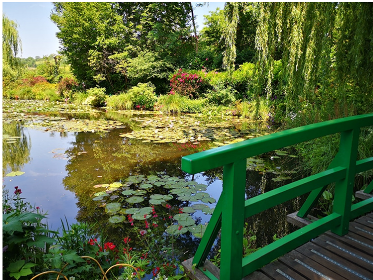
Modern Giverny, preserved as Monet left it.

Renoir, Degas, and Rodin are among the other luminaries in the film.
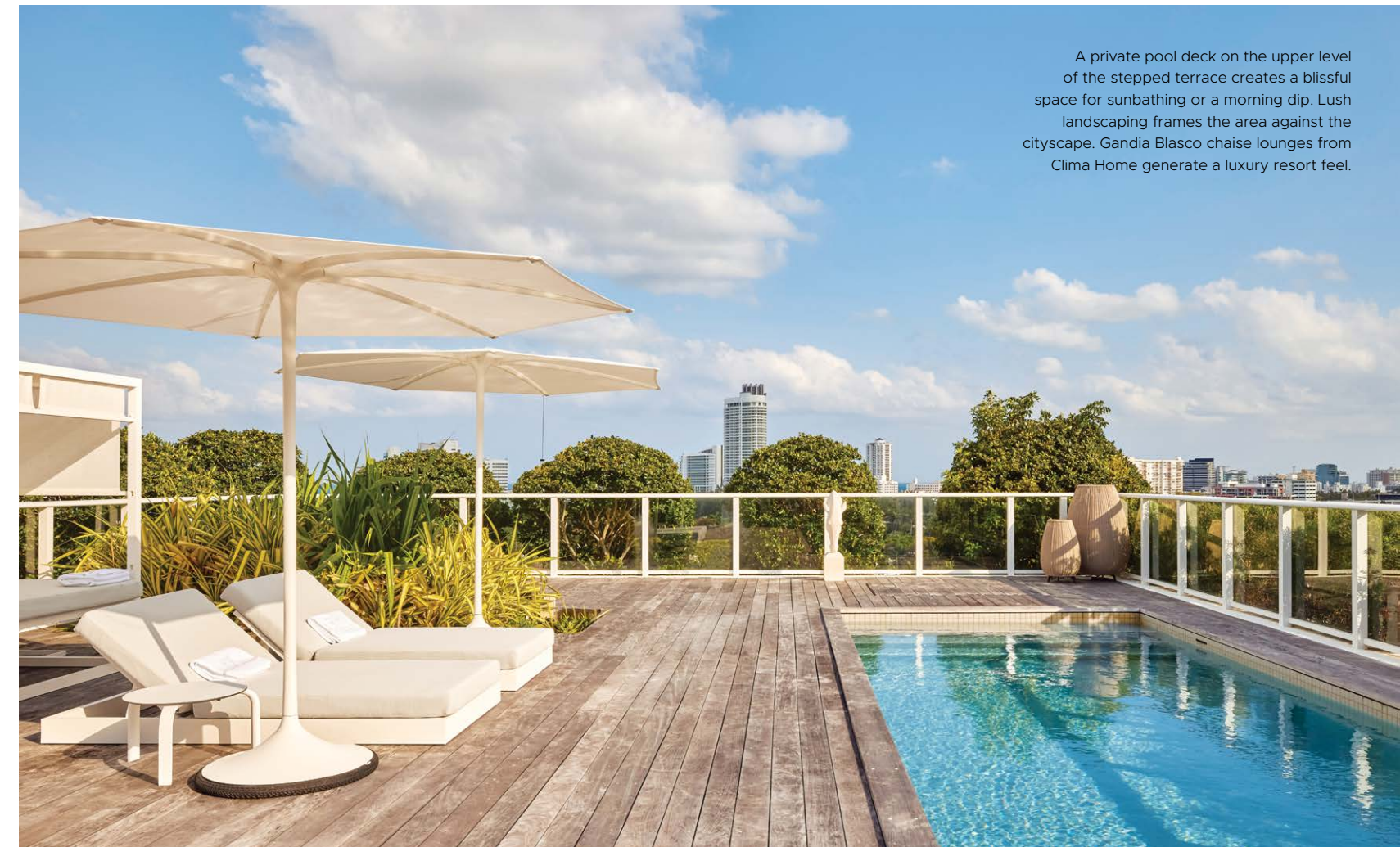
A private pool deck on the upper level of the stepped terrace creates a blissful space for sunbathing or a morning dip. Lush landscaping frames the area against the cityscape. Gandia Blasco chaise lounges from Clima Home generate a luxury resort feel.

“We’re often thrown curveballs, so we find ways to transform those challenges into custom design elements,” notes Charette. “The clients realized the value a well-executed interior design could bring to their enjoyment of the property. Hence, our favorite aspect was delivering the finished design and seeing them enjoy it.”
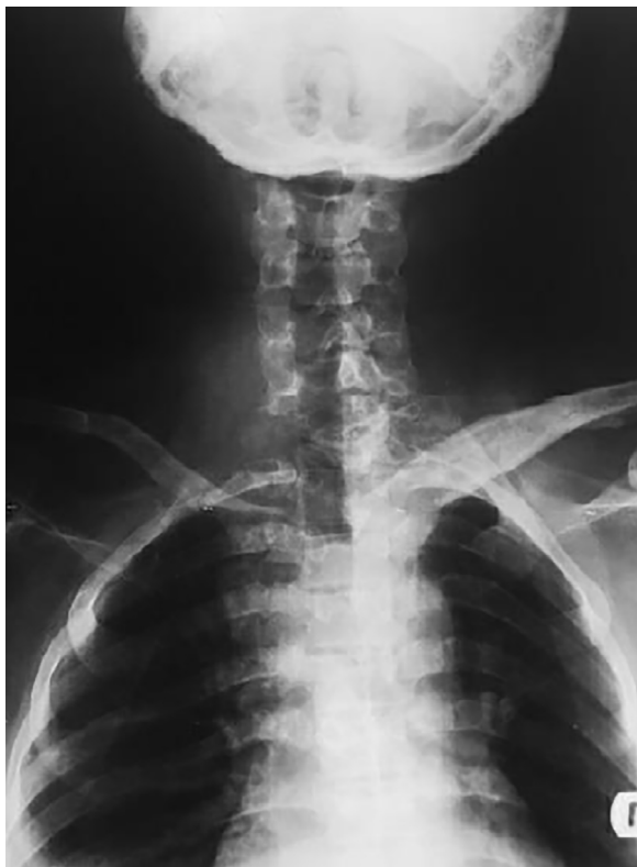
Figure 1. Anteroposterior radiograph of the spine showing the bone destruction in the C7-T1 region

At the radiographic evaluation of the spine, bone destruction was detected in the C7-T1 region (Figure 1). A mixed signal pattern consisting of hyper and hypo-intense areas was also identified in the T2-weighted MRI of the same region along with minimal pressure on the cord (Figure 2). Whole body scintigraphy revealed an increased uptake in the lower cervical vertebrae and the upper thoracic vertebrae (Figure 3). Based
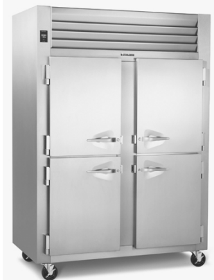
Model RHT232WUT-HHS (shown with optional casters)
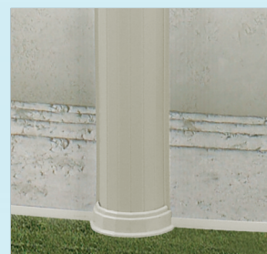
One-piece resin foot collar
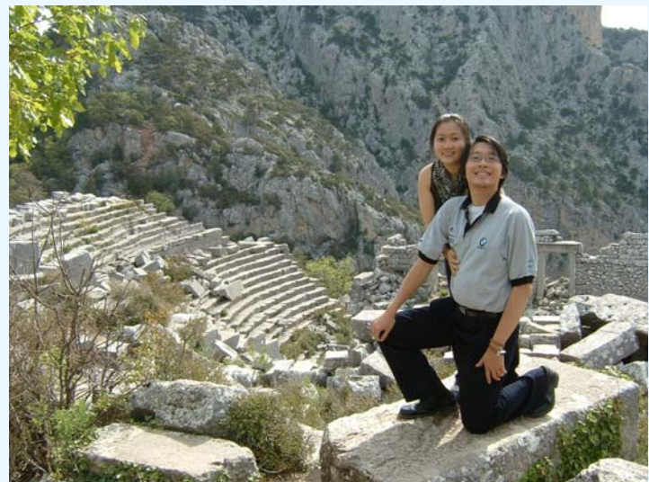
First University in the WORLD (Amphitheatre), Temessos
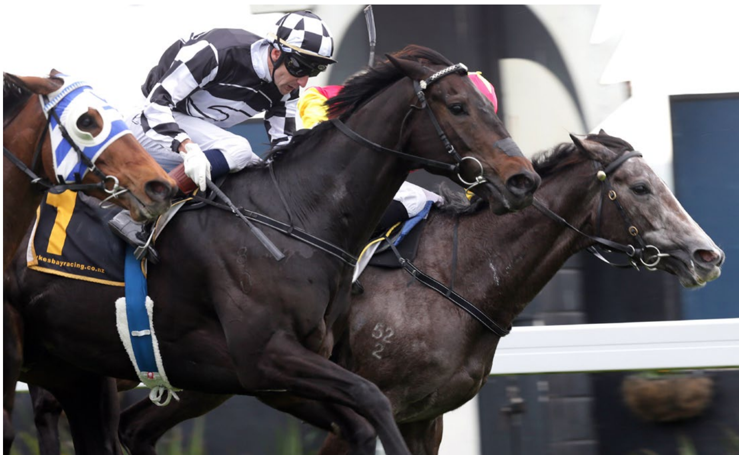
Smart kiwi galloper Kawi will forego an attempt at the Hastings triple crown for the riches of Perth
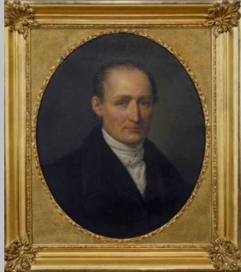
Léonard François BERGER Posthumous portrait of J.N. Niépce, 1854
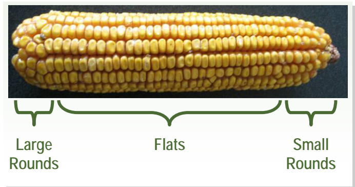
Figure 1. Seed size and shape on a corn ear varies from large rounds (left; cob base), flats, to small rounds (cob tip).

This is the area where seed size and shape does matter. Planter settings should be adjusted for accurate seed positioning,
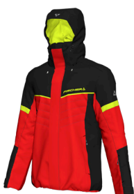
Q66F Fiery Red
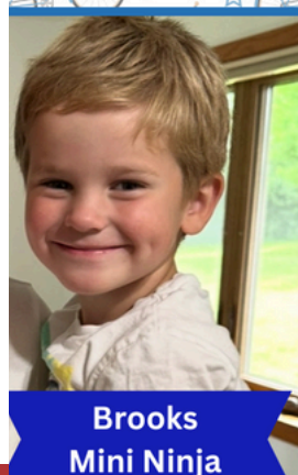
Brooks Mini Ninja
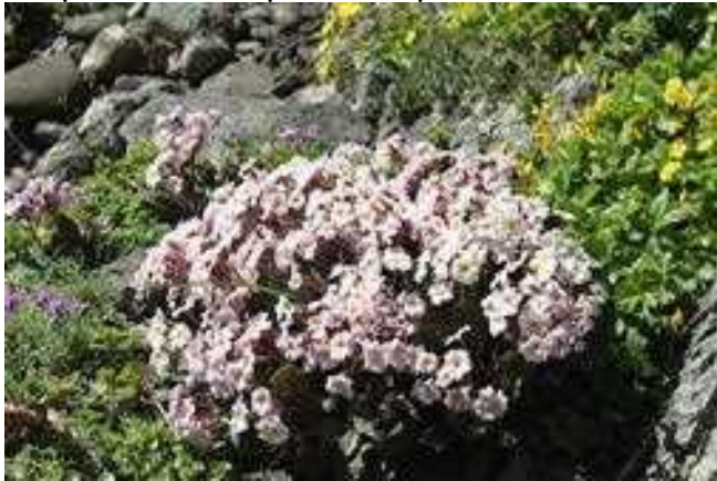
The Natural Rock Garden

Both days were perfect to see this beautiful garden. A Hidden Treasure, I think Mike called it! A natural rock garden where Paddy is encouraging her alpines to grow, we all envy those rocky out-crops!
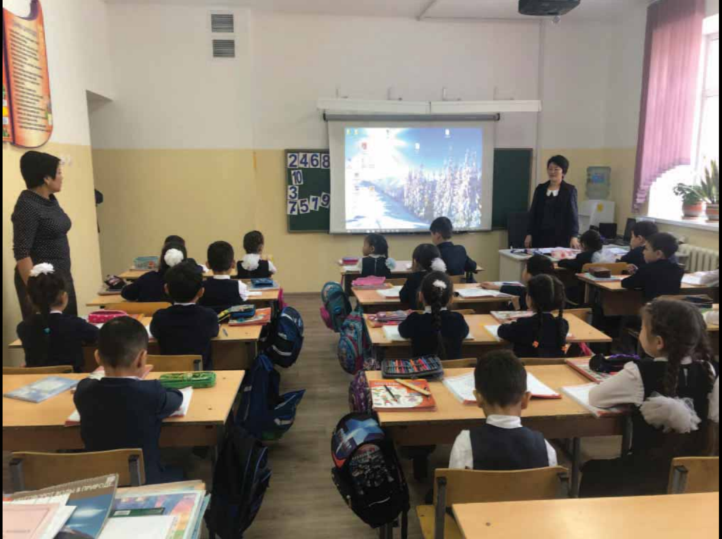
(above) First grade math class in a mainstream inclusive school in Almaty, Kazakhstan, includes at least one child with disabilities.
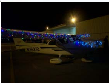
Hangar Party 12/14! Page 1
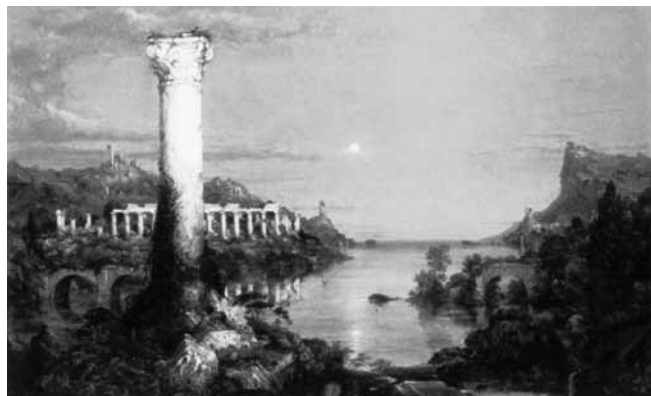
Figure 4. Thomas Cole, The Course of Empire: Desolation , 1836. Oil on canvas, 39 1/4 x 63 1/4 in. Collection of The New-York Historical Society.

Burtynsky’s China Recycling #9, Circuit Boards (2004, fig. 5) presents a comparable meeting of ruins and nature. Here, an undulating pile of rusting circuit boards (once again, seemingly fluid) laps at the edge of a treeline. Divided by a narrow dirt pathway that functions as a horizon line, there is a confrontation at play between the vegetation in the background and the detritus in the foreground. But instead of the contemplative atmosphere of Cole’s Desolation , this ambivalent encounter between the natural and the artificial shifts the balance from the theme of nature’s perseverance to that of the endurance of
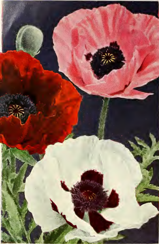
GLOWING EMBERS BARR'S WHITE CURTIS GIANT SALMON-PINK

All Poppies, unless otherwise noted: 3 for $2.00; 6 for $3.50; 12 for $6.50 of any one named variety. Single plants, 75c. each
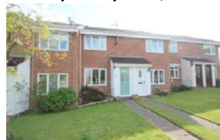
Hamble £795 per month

▶ Work order
Look through the data and gather every line with the string "left" in it.

▶ Solution
Modern Giverny, preserved as Monet left it.
Figure 1. Seed size and shape on a corn ear varies from large rounds (left; cob base), flats, to small rounds (cob tip).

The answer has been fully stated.